Inflation is the main reason of the fall in the price of currencies. Inflation is a state in which demand for goods and services increases in comparison to supply that results in the rise of prices of goods and services and thus reduction in actual value of the currency. Rate of inflation is the comparison of current prices of goods and services with the base year prices.
Various factors are responsible for inflation. When people have more money to spend but the supply of goods and services don’t increase with the same pace, surge in prices happens. This is called demand pull inflation. This happens because of easy availability of credit, printing of more currency notes by the government to handle its fiscal deficit, surplus gained from export etc.
On the other hand if supply decreases because of some reasons than the inflation also increases.

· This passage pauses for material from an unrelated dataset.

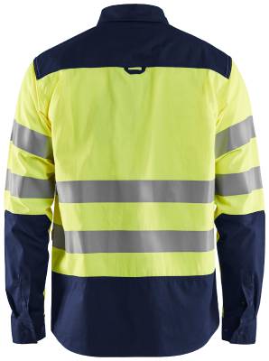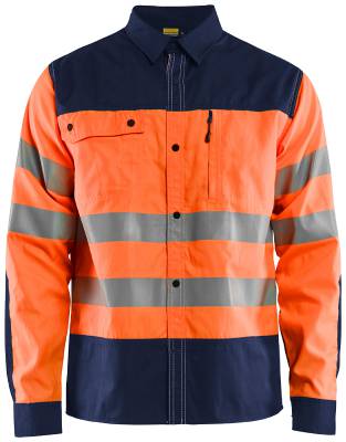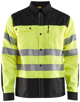 Arbetsskjorta i mycket synbart varsel med kontrastfärger på ärmarna, i nederkant och på kragen för smutsminimering.

This is called cost push inflation.
Moderate inflation is not bad at all. It is the sign of economic growth. However, too much inflation is very dangerous. It decreases the actual value of money. Hence, people have to spend more to buy the same amount of things. It is like a hidden tax which negatively affects people’s earning. The state of hyper inflation is extremely dangerous. Recently in Venezuela hyper inflation condition caused severe damage to the Venezuelan economy. People there are forced to leave their country as it has become almost impossible to survive there. So, hyper inflation can damage an economy completely.
Fall in the price of a particular currency in comparison to other currency is the result of the rising demand of the second currency compared to the first one. Suppose Indian companies and other institutions demand for USD and sell INR in a large amount, then the value of INR will decreases against the value of USD and vice-versa. This is the simple case of demand and supply. Speculation can also do the same thing.
So, we can see that there are so many reasons of falling of prices of currencies. Internal as well as external factors decide the price of a currency and its actual value.